The third set of grey texts concerns the promised-land
syndrome, the divine right that allowed ancient Israel to
invade and possess Canaan: ‘The Lord has given us this
land!’ (Jos 2:10). The book of Joshua has become the charter
for the promised-land syndrome (Habel 2009:28), not only
for Israel but for all colonising countries later on, invading
the new world. As with the Exodus event, the collateral
damage destroying nature continues, for example: ‘With
the destruction of Jericho, “oxen, sheep and donkeys” are
all destroyed as an act of devotion to God’ (Jos 6:21; Habel
ibid:32). Ironically at the forefront, even with cosmic support
(Jos 10:11–13), is the warrior God. The rights of the Canaanites
who have been custodians of the land for centuries are totally
ignored (Habel ibid:28). The empathising voice that Habel
(ibid) gives to the land sounds as follows:
Why devote cities and landscapes to destruction rather than preservation? Why, after rescuing his people from Egypt with mighty acts of destruction, does this God feel constrained to do the same to the peoples and the land of Canaan? (p. 98)
A few green moments en route to the New Testament is
the Sabbath text and the depiction of Canaan as Yahweh’s
sanctuary where God resides on earth (Ex 15:17; Lv 25–27).
When Israel lost their land during the exile, a new promised
land is depicted, a return to Eden where miraculously even
the deserts will overflow with water (Is 43:19–21), the wolf
and the lamb will feed together (Is 65:25) and the normal
river ecosystems of earth is turned upside down in their
abundance (Ezk 47). Habel (2009) lets the earth protest to
these unnatural ecosystems:
Why does God suggest a future where the new Promised Land is itself alien to the very creation God has celebrated in the past? These images of a transformed land, or even heaven[5] may be grand and glorious but they are hardly green – at least not as I have known green in the past. (p. 106)

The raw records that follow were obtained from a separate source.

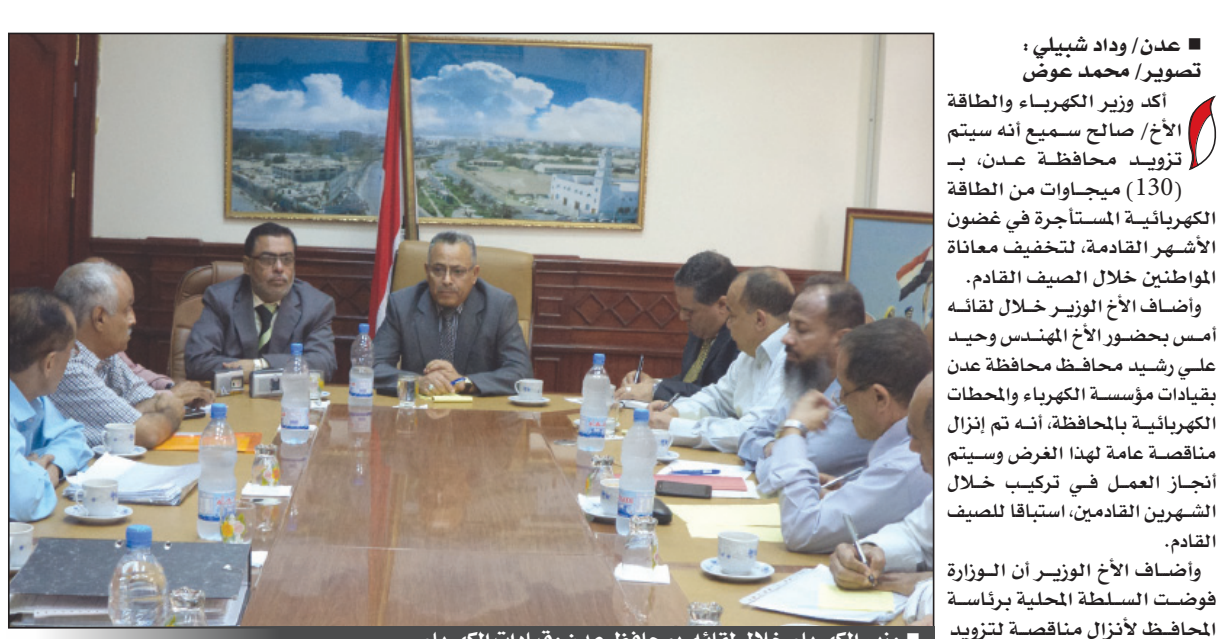
وزير الكهرباء خلال لقائه بمحافظ عدن وقيادات الكهرباء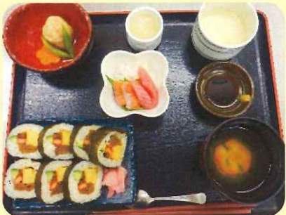
9/15 敬老の日 お祝い御膳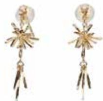
GD-3112 K18 or K10 W9mm×H26mm/Diamond:0.03ct×2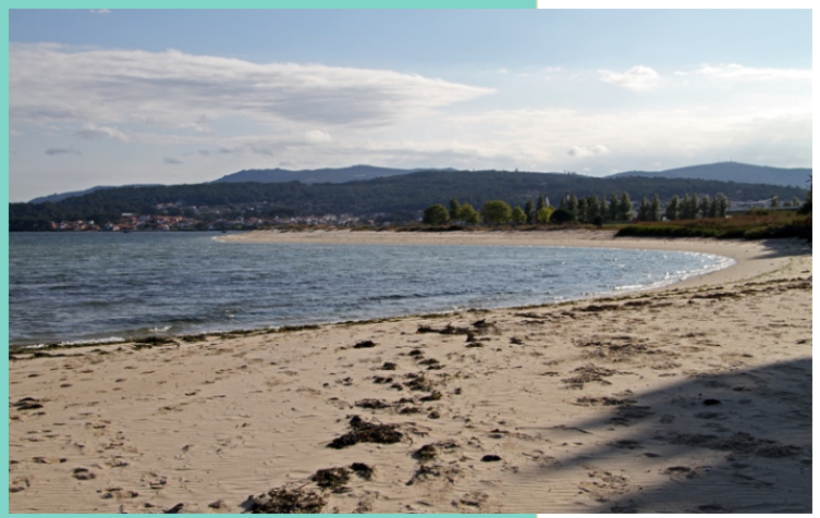
Praia do Testal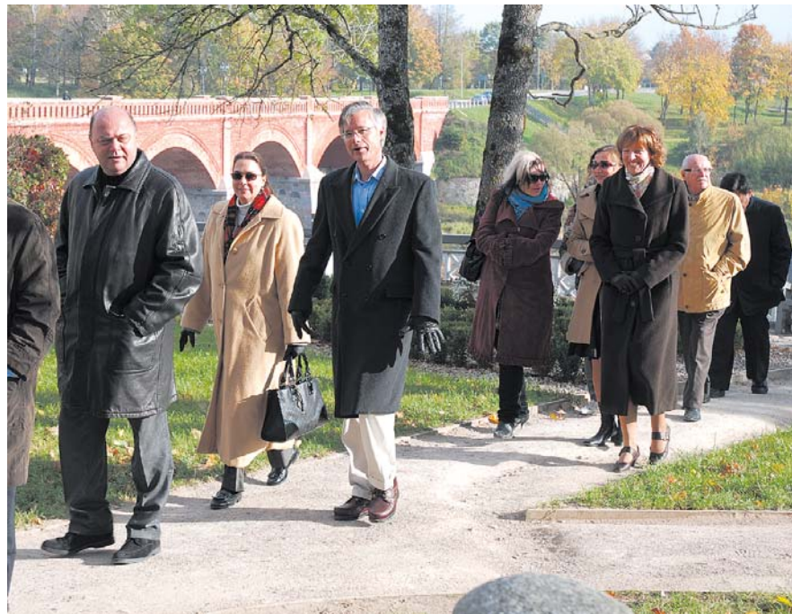
Latvijā rezidējošie vēstnieki Kuldīgas apmeklējuma laikā.

When Habel again offers Jesus as the green answer to the
grey inconvenience of some Bible traditions, he interestingly
opts for a Jesus that is part of the here and now and not
reigning in some distant celestial abode where the earth
has been dissolved (e.g. 2 Pt 3:10; see also Phlp 2:4–11). He
finds Romans 8:18–27 a powerful green text where, whilst
creation continues, it groans together with humanity and
the suffering Spirit, anticipating healing from all the wrongs
done to it (Habel 2009:111).[6] The cosmic Christ’s suffering,
reconciliation and healing effects all of creation (ta panta),
not only humans (Col 2:20), and shows God ‘… at one with
creation’ (ibid:113). Habel (ibid) summarises:
The green texts identified above have tended to locate God in, with and under creation; Creation is God’s sanctuary, world – or even body. The grey texts locate God outside of creation, intervening and interrupting the natural ecosystems of Earth. Romans 8 highlights a groaning that is common to creation, humans and the Spirit in creation: here we have an alternative to the popular notion that God, in Christ, now rules above and is no longer suffering deep in creation below. (p. 112)

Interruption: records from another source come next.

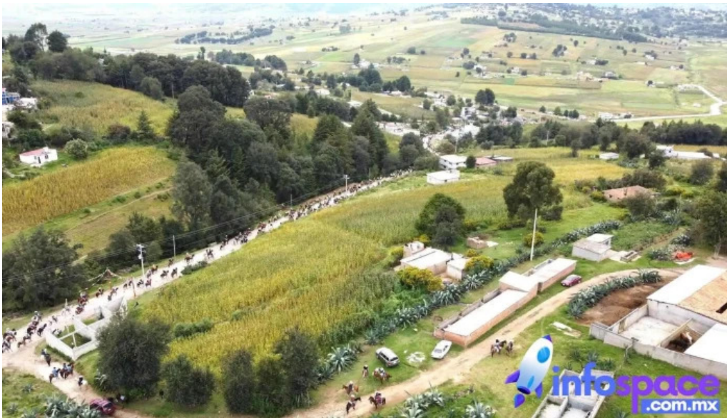
San miguel agua bendita san miguel agua bendita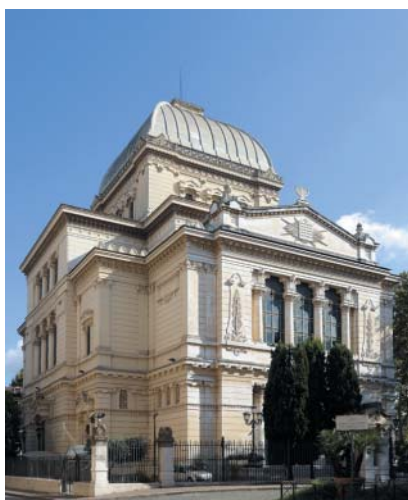
Podle průzkumu se evropským Židům nejlépe žije v Itálii. Velká synagoga v Římě, foto L. Andronico.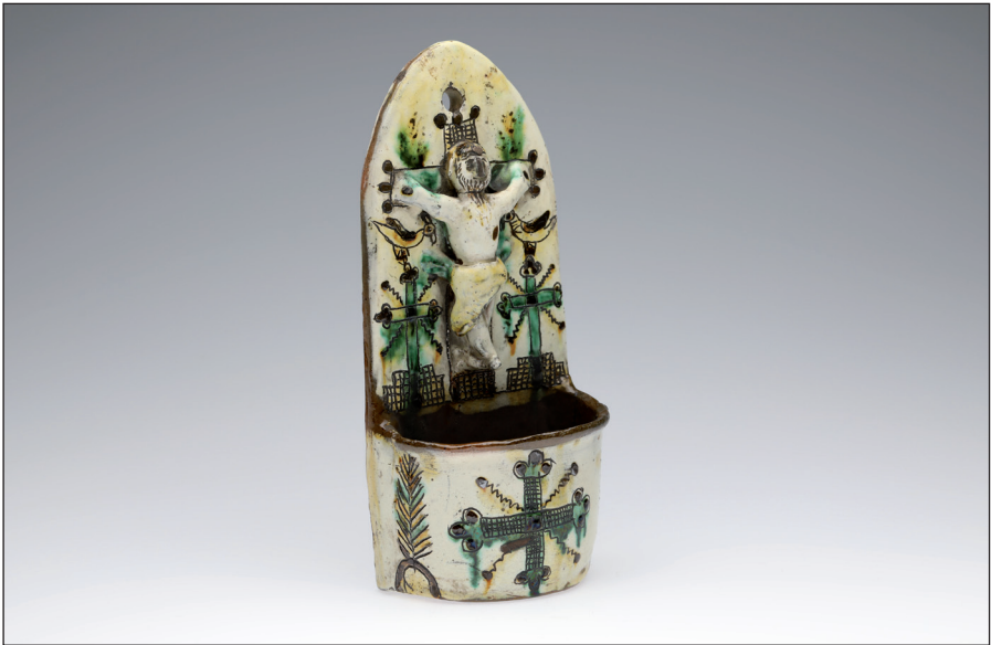
Obr. 6 Keramická glazovaná kropenka kropylnycja s rytím a malbou. Poslední čtvrtina 19. století, Ukrajina, Ivano-Frankivský kraj, okres Kosiv (Haličské Huculsko). H4-NS-1786.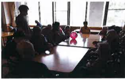
2Bではテーブルにボールを転がして打ち合いました

停電 災害による停電時には自家発電機が作動します。4月には自家発電機の年次点検を行いました。点検実施の間は館内の照明が消え暖房やエレベーターが使用できない中、各フロア毎ご利用者と職員と知恵を出し合い、レクリエーションを行うなどして混乱なく無事に終了することができました。

Habel (2009:118) conspicuously chooses the ‘story’ of Jesus
(idealised or divinised) or what he calls the ‘Gospel principle’[7]

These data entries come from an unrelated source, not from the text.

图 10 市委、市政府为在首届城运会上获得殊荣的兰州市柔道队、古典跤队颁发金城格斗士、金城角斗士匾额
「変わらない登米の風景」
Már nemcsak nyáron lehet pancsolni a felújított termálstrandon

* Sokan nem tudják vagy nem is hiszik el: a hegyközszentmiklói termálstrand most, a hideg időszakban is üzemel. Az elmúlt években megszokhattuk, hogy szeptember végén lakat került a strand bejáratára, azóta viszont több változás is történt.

and not ‘history’ (historical Jesus), and he therefore accepts
all its thaumaturgical elements. His book is intended for
the church and therefore Habel does not (deliberately)
‘demythologise’ this rendering of faith[8] but stays true to
the master-narrative of Christianity. However, when he
emphasises a specific version or nuance of the Jesus story
that may have been overlooked or neglected or ignored in the
past, namely a strong emphasis on the immanent Jesus instead
of a transcendent Jesus, some sort of demythologisation is
taking place. The immanent, earth-bound Jesus is a ‘greener’
Jesus than the one distancing himself from earth. Although
to converse meaningfully on matters ecological with inter
alia secular science does not seem to be his primary aim (at
least with this book), his deliberate new emphasis of the Jesus
story allows some direction in this regard. When he says
that ‘heavenism’ and unnatural ecosystems are out (Habel
2009:34, 100–104), being part of ancient idealised versions
of a new world to come, science should agree. Furthermore,
the Jesus story of ‘serving’ the earth, taking responsibility for
her as she does for us (mutual custodianship), should also
provide common ground for an ethics of care into which
even science might finally translate (although the ethical is
not necessarily up front in the scientific discourse). If the
Jesus story relates that ‘earth is God’s body’, this metaphor
confers (ultimate) intrinsic value, the highest we can confer,
onto our planet and again adds an ethical dimension to our
ecological awareness. Furthermore, whether understood as
faith by some or just a mythical story by others, the story of
Jesus’ redemption and suffering along with all of creation
emphasises the interconnected bond with all, the web of life,
that we are all in the same ship so to speak, hopefully on our
way to a better, healthier and, in terms of this contribution, a
‘greener’ future. Theology can provide the ethics and science
the agenda for such a better world. The thaumaturgical or
miraculous (but unnatural) ‘lamb and wolf’ lying together
will, other than in pre-modern times, not be attentiongrabbing in our scientifically informed age but rather a
natural Eden as it has evolved over millions of years where
lamb and wolf and human have sustainable living habitats
(‘heavens’) where they can thrive and die as nature intended
it to be.
The Second Christ, Saint Francis of Assisi and ecological consciousness
Who was Francis?
The life story of Francis is richly documented (see e.g. Habig 1973), and his two well-known biographers, Thomas of Celano and Bonaventura, commenced with it shortly after his death. It is a rather formidable task to reconstruct or retrieve Francis from history, as with Jesus, with many of the early sources being hagiography. The latter, the writing of the lives of saints, are more than often presented as larger than life (Warner 2011:116).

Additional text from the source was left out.